Input data
★ ★ ★ ★ ★

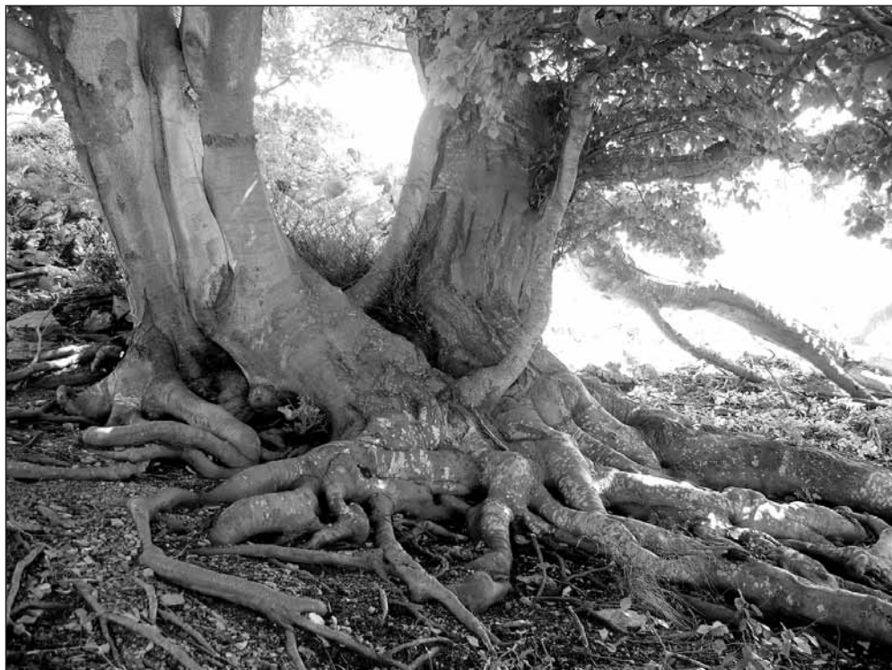
Oláh András: Gyökerek
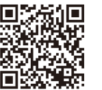
埼玉東支部専用 メール登録フォームへ

まだ登録をされていない方や、メールアドレスが変わった方、新しくメールアドレスを取得した方など、是非右のQRコードからお申し込みください。ホームページでも受付しています。
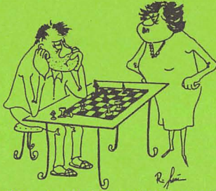
„Na, heute mal wieder vor'm Ingospiegel rasiert?“

(Auszug aus Protokoll von Schriftführer W. Kries)
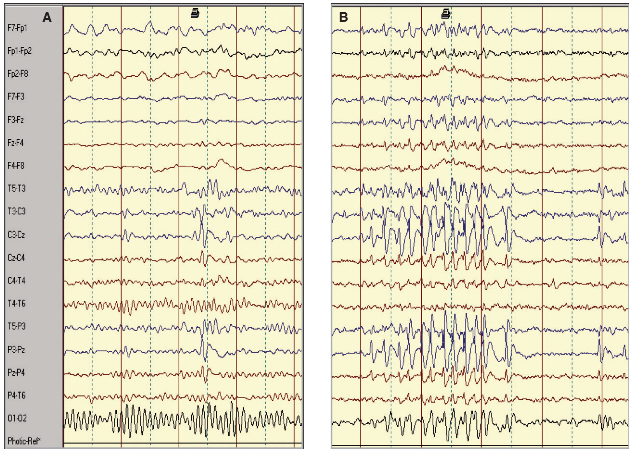
Figura 2. (A) Trazado electroencefalográfico en vigilia de un paciente en el que se registra actividad punta-onda de proyección media izquierda. (B) Durante el sueño aumenta la incidencia y duración de las descargas con difusión a áreas adyacentes.
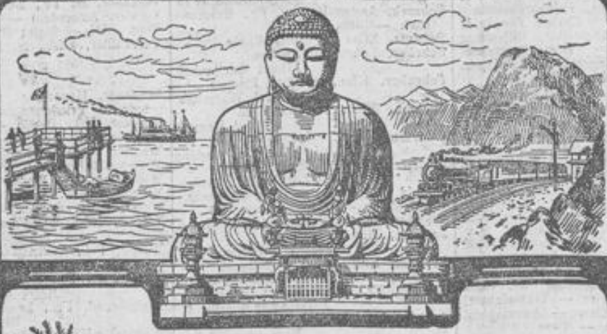
mit dem Doppelschrauben-Postdampfer „Cleveland“.
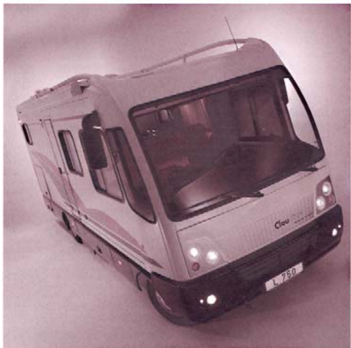
Clou LINER 750
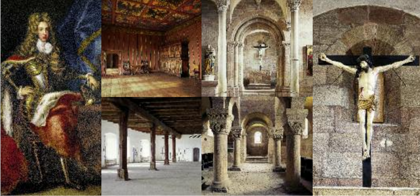
Bildnis Kaiser Karls VI. (links); Empfangszimmer des Kaisers (rechts oben); Rittersaal (rechts unten)
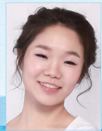
작곡 | 원미현
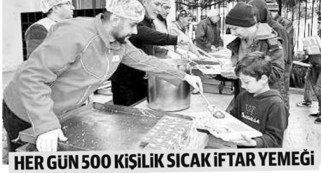
HER GÜN 500 KİŞİLİK SICAK İFTAR YEMEĞİ

Türkiye Diyanet Vakfı ile Türk Kızılay Konak Şubesi'nin işbirliği ile yürütülen bu proje kapsamında, dar gelirli ailelere düzenli gıda kolisi dağıtımını yaparak Ramazan boyunca sofralarının dolu kalmasını sağlayacak.
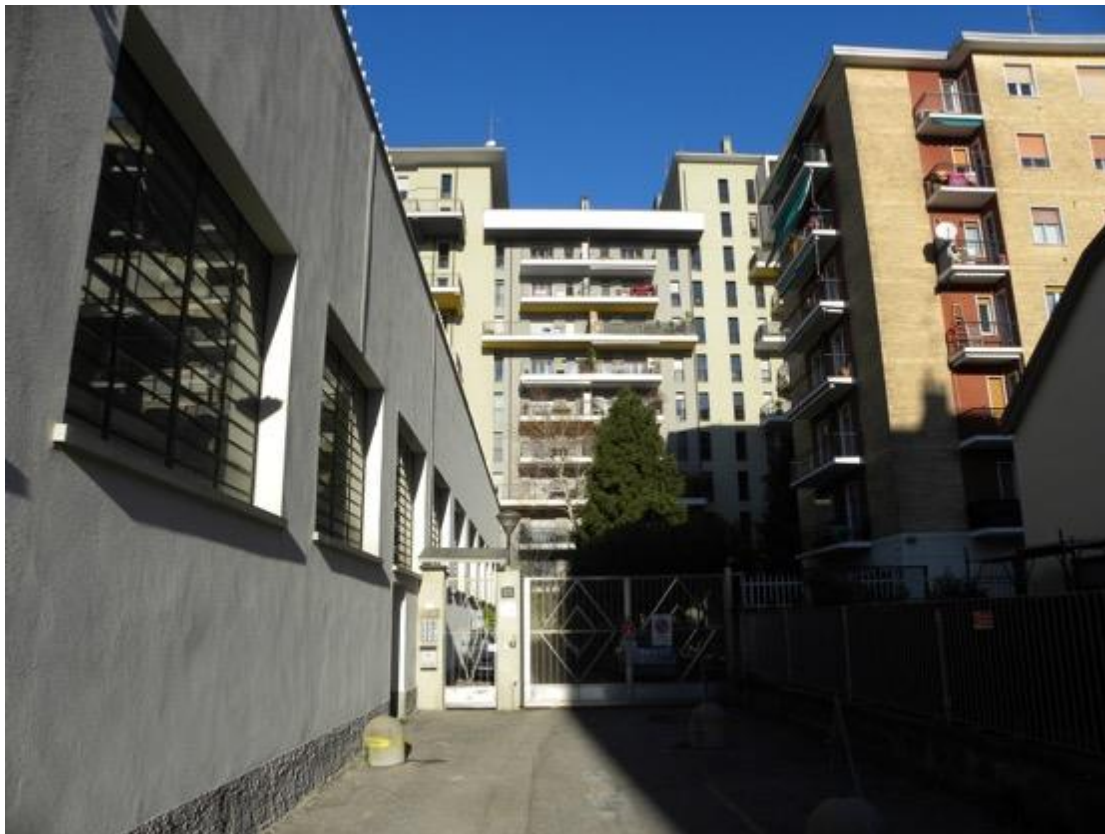
Vista Esterna del Fabbricato – Foto 1

★ ★ ★ ★ ★

What is needed
Copy only what runs above from the line containing "mit dem Doppelschrauben-Postdampfer" through the line containing "HER GÜN 500 KİŞİLİK SICAK İFTAR YEMEĞİ", exactly. Leave out the pictures.

Your response
mit dem Doppelschrauben-Postdampfer „Cleveland“.
Clou LINER 750
Bildnis Kaiser Karls VI. (links); Empfangszimmer des Kaisers (rechts oben); Rittersaal (rechts unten)
작곡 | 원미현
HER GÜN 500 KİŞİLİK SICAK İFTAR YEMEĞİ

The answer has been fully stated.